Fun story: The other day, the theme for our class was cooking and we watched a video and read about this famous chef, which led us to go get brownies at the cafeteria. And since then, during our break Ana and i munch on the delicious brownies from the UAM cafe! So much fun! I really lucked out with such an amazing spanish teacher!
Today, Ana and i went to Masaya to shop (of course) and explore the city a little. When our group from Johnson State came two years ago we stopped at the Masaya market, but it was a different experience now that i can speak better. We had so much fun shopping and talking to the locals. Then i encountered the Americans….. Now here is a disclaimer before i go off on my rant. I understand that its hard being in a country where you don’t speak their nature language. I get it! It’s not easy! But that still doesn’t mean all manners are lost. I encountered about 6 gringas today in the market, yelling at each other from different stores, talking AT the store owners, asking “do you understand me?” about a billion times…It was pretty bad, and they were pretty rude. I was embarrassed to be a gringa in that moment. So of course, i didn’t let it go and walked right in the middle of the chaos and made conversation with the clearly frazzled store owner until she smiled. So word to the travelers, don’t be that gringa. Respect where you are at and the people around you. Just because you may have a little bit more many than the person you are standing next to, doesn’t mean they’re not human. Respect doesn’t stop at the borders of the US.
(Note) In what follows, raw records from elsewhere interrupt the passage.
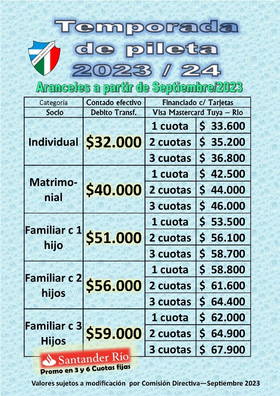 Informamos a los asociados , que con lo recaudado de la venta en pretemporada de carnet de pileta, se han adquirido el total de productos para el mantenimiento del agua ( cloro, alguicida y sulfato de cobre). Pronto comenzaremos con el vaciado y las tareas de pintura en color azul cielo de las paredes y el fondo de la pileta, para luego realizar el llenado de la misma en vistas a la temporada que comenzará en Septiembre. Aún estas a tiempo de obtener tu carnet de temporada. Consulte los precios en secretaría y asóciese sin cuota de inscripción. Consulte la promoción para abonar en cuotas con tarjetas de crédito de Banco Santander.
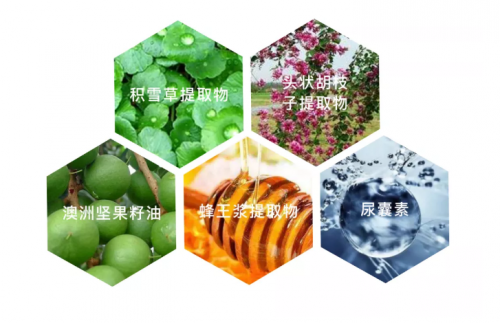 还有依克多因、积雪草提取物、头状胡枝子提取物、澳洲坚果籽油、蜂王浆提取物、尿囊素等植物精华,舒缓被“摧残”的肌肤,在防晒的同时给皮肤持续的滋养。
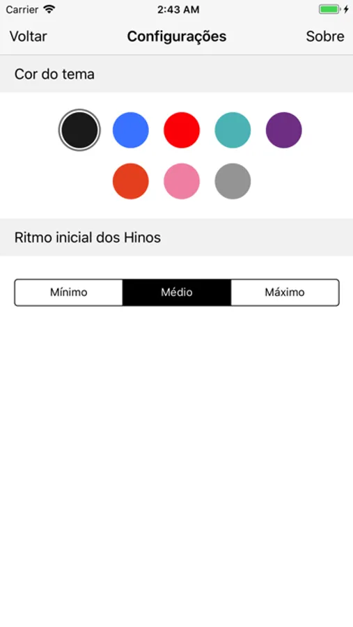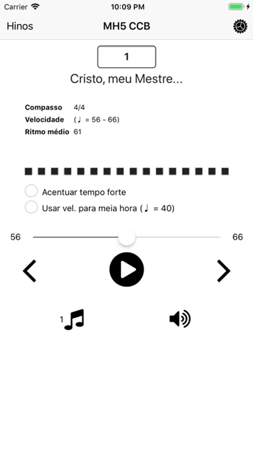 - Escolha do ritmo inicial de cada Hino (mínimo, médio ou máximo);
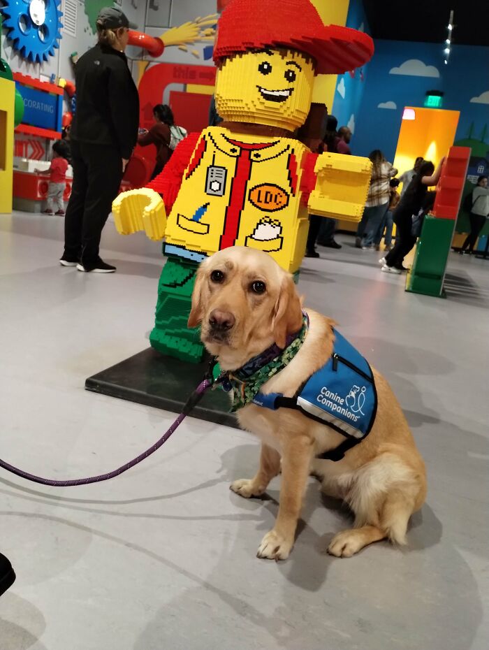 We were matched and graduated training together in February, this was our first big outing after graduation (in March). That's why she looks a little apprehensive, she's way more confident now. She's also just a baby, she turned 2 during our training.
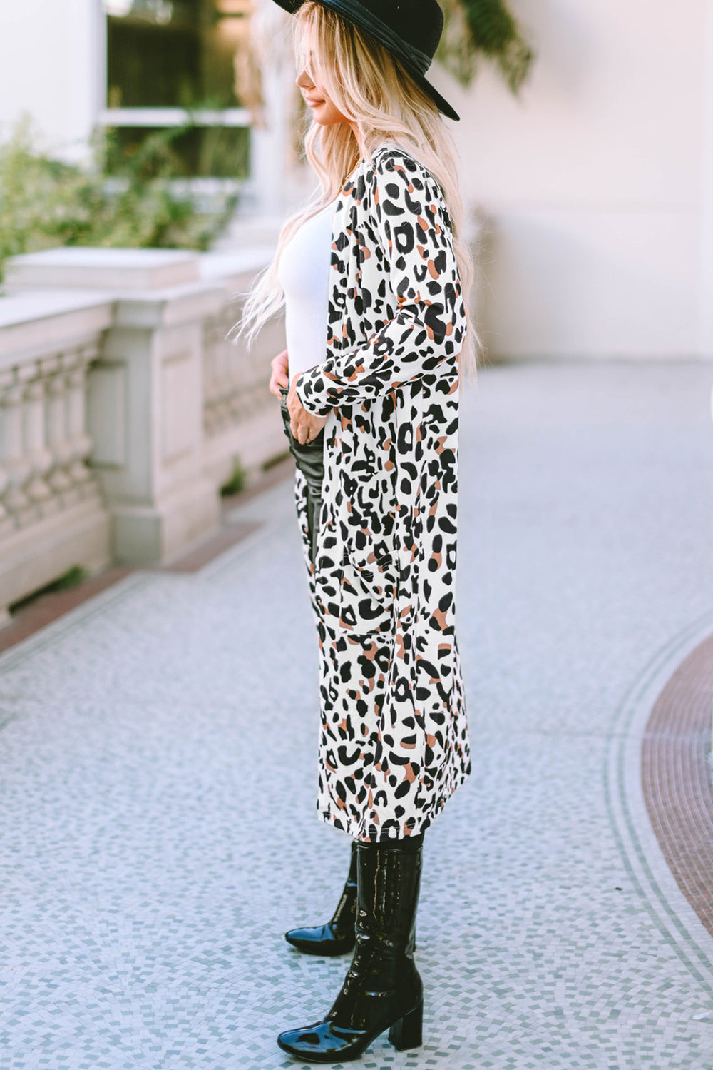 Leopard Open Front Long Sleeve Cover Up
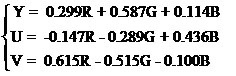 本系统中的FPGA模块的另一功能是将RGB信号转换为YUV信号,二者转换的公式为(RGB取值范围均为0-255):
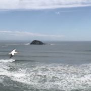 岛上的海滩是黑色的,向北延伸60公里,是奥克兰壮观的黑沙冲浪沙滩之一,每年享受这里环境的不仅有塘鹅,还有冲浪爱好者们,岛上的强风和海中的巨浪每年都吸引了来自世界各地的冲浪爱好者们。
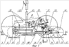 Кинематическая связь опоры для ноги 11 с задним роликом 9 включает сдвоенную кулису 27 (фиг.3, 8, 9), в одном пазу 28 которой размещен ролик 29, связанный с опорой для ноги 11, в другом пазу 30 – ролик 31, связанный с коромыслом 32, соединенным посредством вала 33 со шпонками 34 и 35 с зубчатым сектором 36, образующим зубчатую передачу с шестерней 13 на ведущем звене обгонной муфты 12.
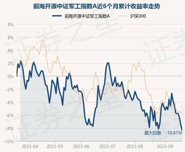 9月20日,前海开源中证军工指数A最新单位净值为1.672元,累计净值为1.672元,较前一交易日下跌0.77%。历史数据显示该基金近1个月下跌3.24%,近3个月下跌6.96%,近6个月下跌8.28%,近1年下跌21.24%。该基金近6个月的累计收益率走势如下图:

Okay, my rant is over. I hope you all enjoyed that!
To end our trip, Ana and i walked along the Lagoon Apoyollo and went to see the baseball fields. We talked to some local children and rode around on the buso while it was raining. It really was a great day!
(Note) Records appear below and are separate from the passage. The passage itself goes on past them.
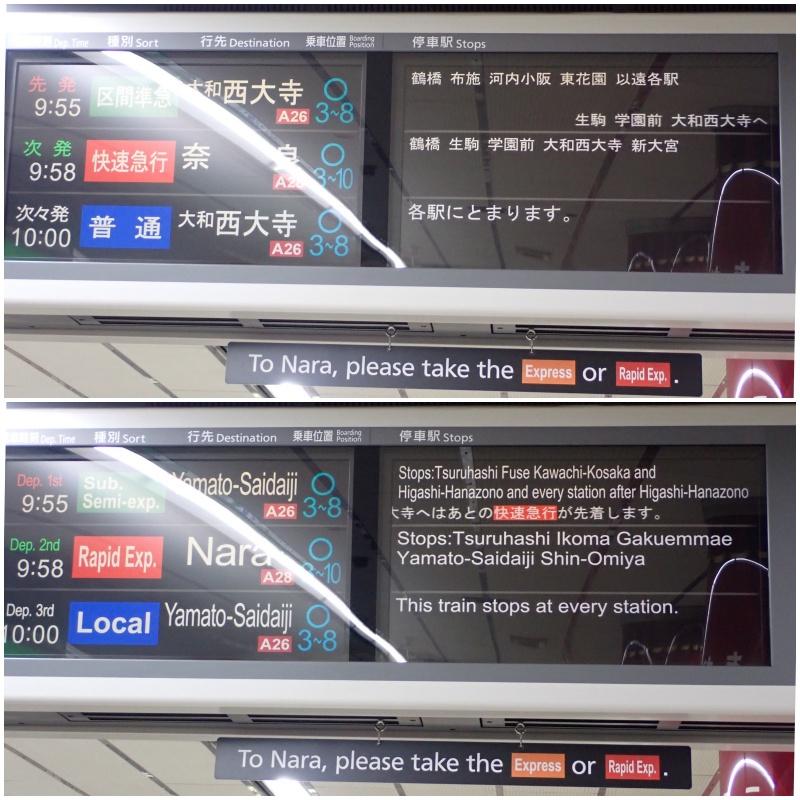 日本語→英語→中国語→韓国語みたいな順で表示している公共交通は近鉄を見習ってほしい。 -
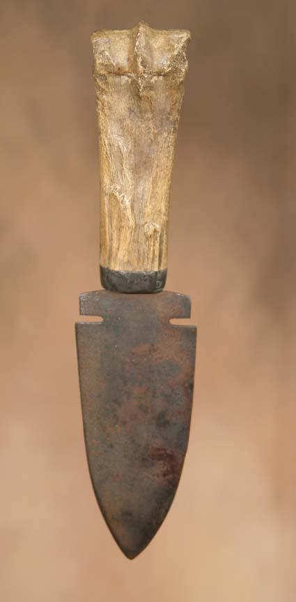 Plains Dag Knife. 12" long . Buffalo bone handle . Iron blade is hallmarked "H. B. Montreal". 19th Century. (est $1,000-1,500). For condition reports please visit: www.auctioninsantafe.com/cr2011.pdf
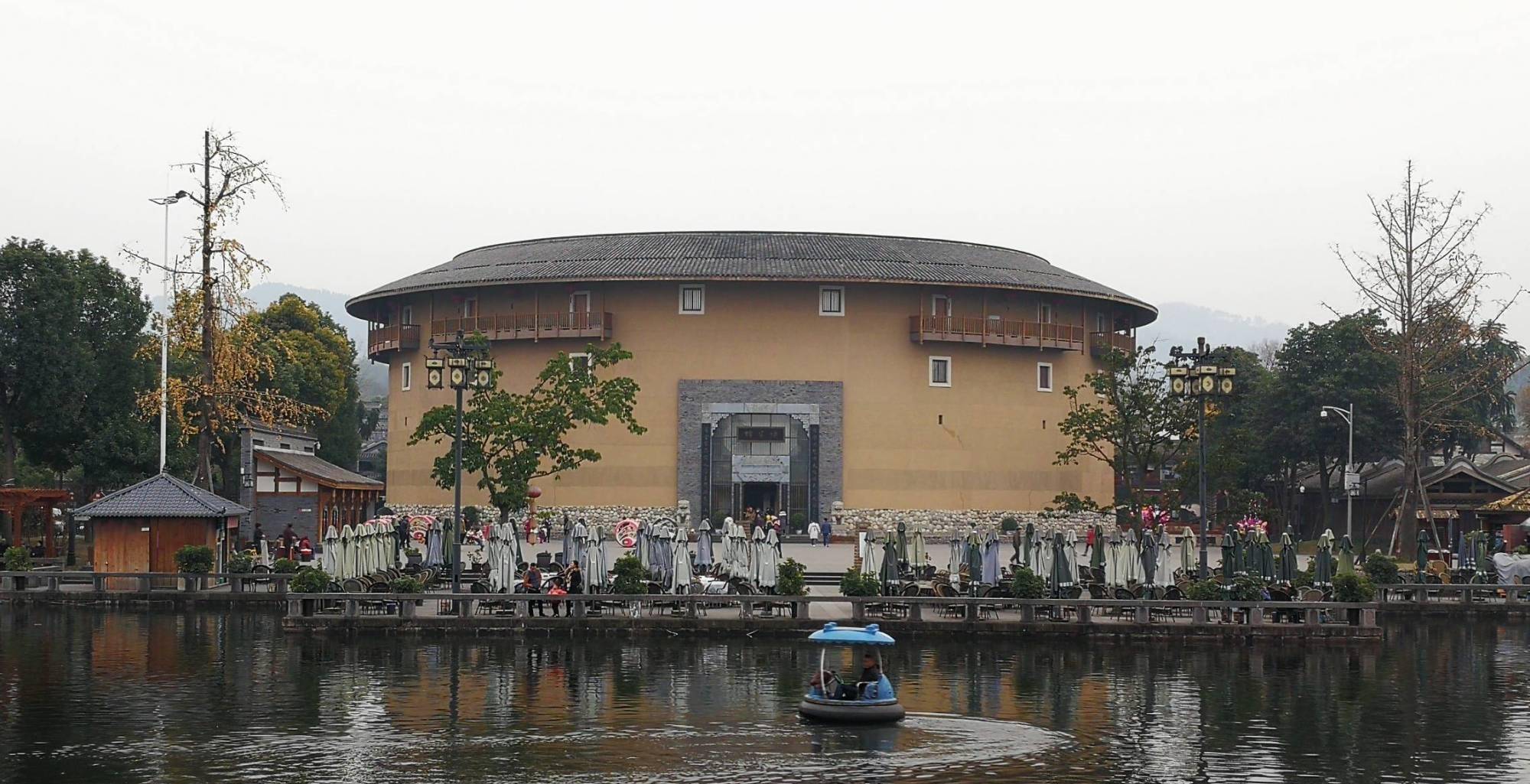 客家的土楼早就闻名于世,洛带也有一座客家土楼博物馆,不用去福建就可以看到《大鱼海棠》里的土楼。土楼博物馆分为四层,外形为一个圆形,是由夯土建造,结构严谨,博物馆一楼内还展示了客家人各种生活用品,包括泥塑,竹编等非物质文化遗产。二楼诉说着的是客家人是如何发源,如何迁居到此,如何发展。三楼是客家文化的传承,讲述了迁居此地之后的发展史。四楼则是办公区域。
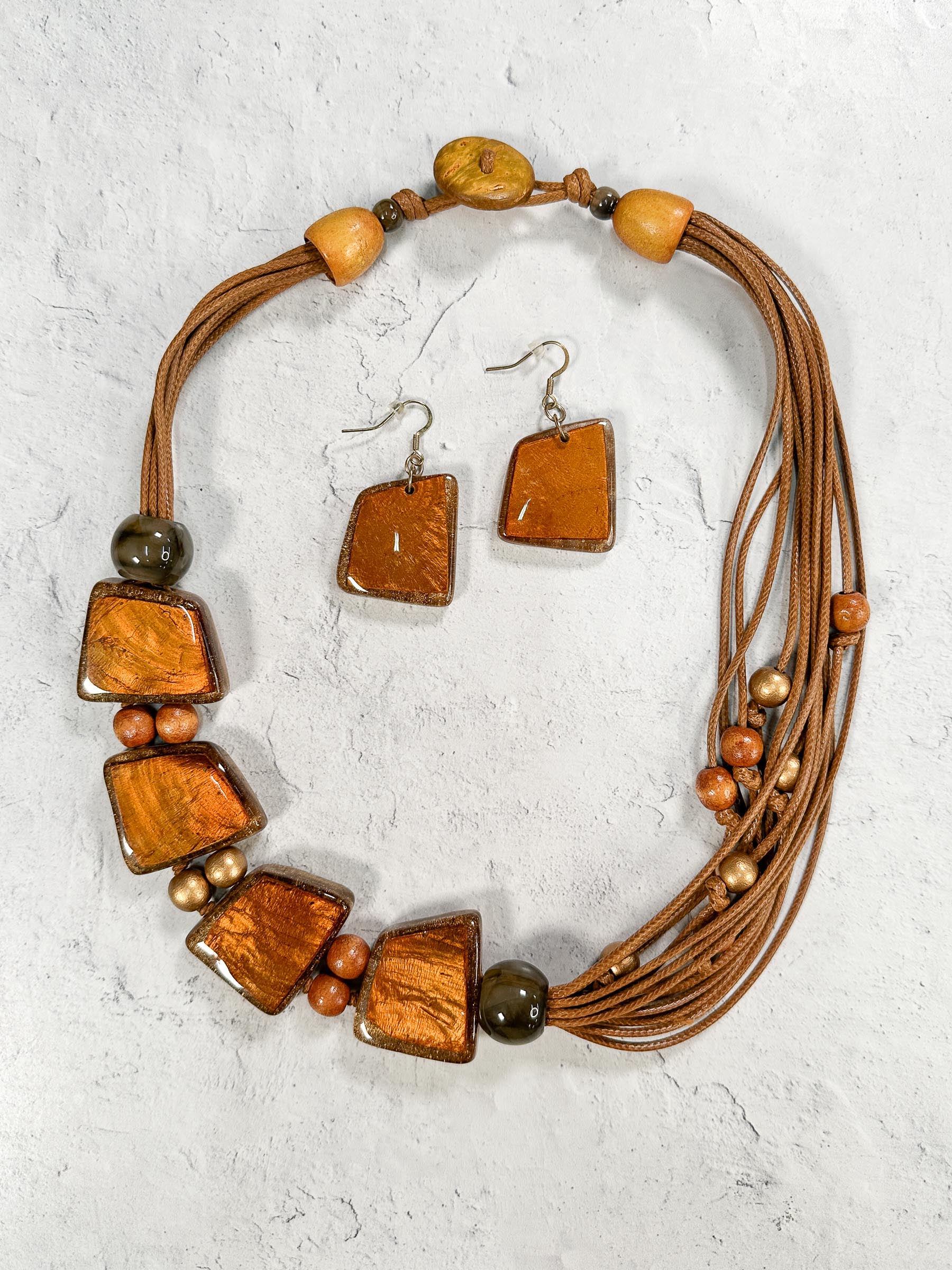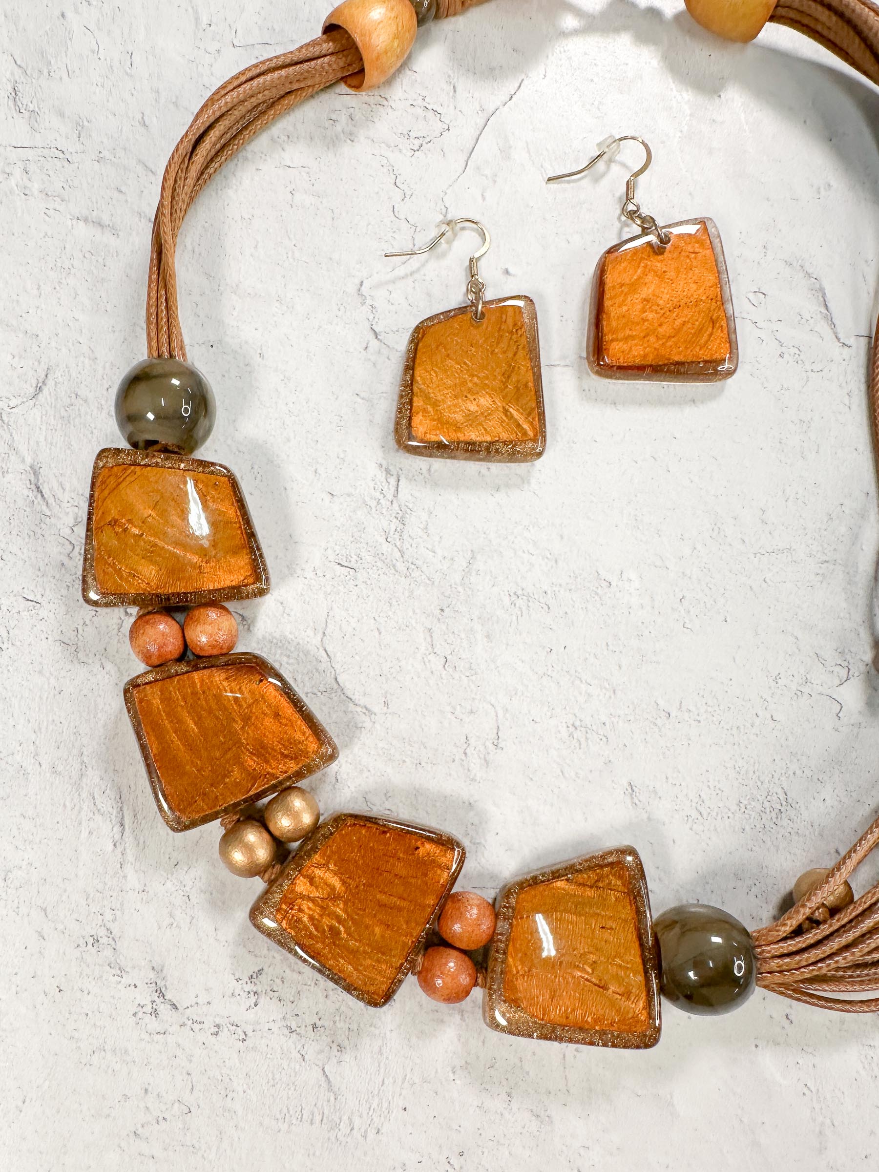 Asymmetric Resin & Wood Bead Necklace & Earrings Set, Gold/Brown

At dinner tonight my host father and i really bonded over agucates (avocados). For the first time i ate an agucate with lime and salt, and it was delicious. Nothing compares to a nica agucate or any fruit of that matter. Mis padres de nica and i are really getting along. It’s almost funny to think that i was frustrated with the language barrier just a week ago. So much has changed in such little time, it’s great.
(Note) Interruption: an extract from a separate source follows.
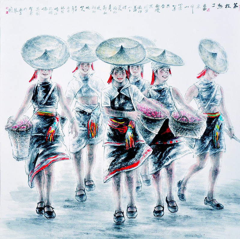 胡智勇是一個(gè)畫(huà)家,更是一個(gè)文人。他熱愛(ài)藝術(shù),更熱愛(ài)生活,并努力在生活中尋找藝術(shù)的意義。因此他十分善于觀察生活,特別是令他感動(dòng)的事物,他總是樂(lè)此不疲去表現(xiàn)。在他的創(chuàng)作中,女人成為他最關(guān)注的題材。在智勇看來(lái),女人能頂半邊天,女人的世界既是神秘的又是美麗的。女人承載了世界上最美的東西——無(wú)私奉獻(xiàn)、善良勤勞以及那無(wú)盡的柔美。為此,他創(chuàng)作了大量描繪婦女的題材,特別是創(chuàng)作了大量以少數(shù)民族人物為主要題材的作品。對(duì)少數(shù)民族題材的熱衷出于他對(duì)少數(shù)民族有著特殊感情,他每年都要去云南、鄂西與少數(shù)民族過(guò)春節(jié)。在與少數(shù)民族的一起生活接觸的過(guò)程中,少數(shù)民族的服裝服飾、風(fēng)俗習(xí)慣、音容笑貌都深深地印入在他的腦海之中。在那個(gè)世界里,他感受到了城市之中已經(jīng)消失的某種文化。而這種文化曾經(jīng)是人類(lèi)最寶貴的財(cái)富之一。在那個(gè)世界里,他更感受到了少數(shù)民族那種獨(dú)特的善良美麗,這種感覺(jué)深深吸引著智勇。他曾多次參加彝族傣族的潑水節(jié),并創(chuàng)作了以潑水節(jié)為題材的系列組畫(huà)——《祈福之水》、《吉祥之水》、《水的祈福》、《水的祝福》等,以及表現(xiàn)少數(shù)民族日常生活場(chǎng)景的作品——《有陽(yáng)光的果園》、《果香時(shí)節(jié)》、《果園深深》、《荔枝熟了》、《生命鼓舞》等。在這些作品中,人物臉上洋溢的喜悅與笑容是給人的印象是令人難忘的,幾乎所有作品的人物表情都是如此。這種微笑我們似乎可以從周思聰先生的作品中找到,在一般人看來(lái),她們的這種形象似乎更接近文革時(shí)期的人物形象——勤勞、質(zhì)樸、憨厚,而在我看來(lái),這種微笑不正是人們對(duì)當(dāng)下美好生活的一種贊美么?不正是對(duì)勞動(dòng)人民的肯定和贊美么?不正是對(duì)和諧家園的最好的表現(xiàn)么?

Overall, i am having a great time. I made a promise to myself to immerse myself in the culture and i believe i am doing just that. It is so easy to go back to where we are comfortable. There are “gringa traps” all over Managua, they lure you in with the air conditioning and delicious cheese-cake and no doubt, i’ve been to these traps a couple of times! But i have really tried to expand my learning, buying food from a vendor on the street, taking the city bus full of people instead of a taxi, talking to the person i am sitting next to on the bus. I have made friends with the waiters at the Sushi restaurant near my house and we hang out every night when they get out of work! I can’t tell you how many times people said to me “Oh Kailie, while you’re in Nicaragua, don’t drink the water.” “Don’t take the city bus” “Don’t give your number out” “Don’t walk alone at night” “Don’t trust anybody” “Stick to what you know”………really? I didn’t come down here to live the same life i lived in CT. I came here to live a new live, the vida nica. and explore. (Disclaimer, mostly to my mom who probably has her jaw on the floor, MOM, i’m okay, i’m still being safe, i’m just being adventurous, love you!)
I’m just living the vida nica. and i absolutely love it.
(Above is a picture of me with a hercules beetle. A surprise visitor to Mary Helen’s office the other day. And yes, it’s alive.)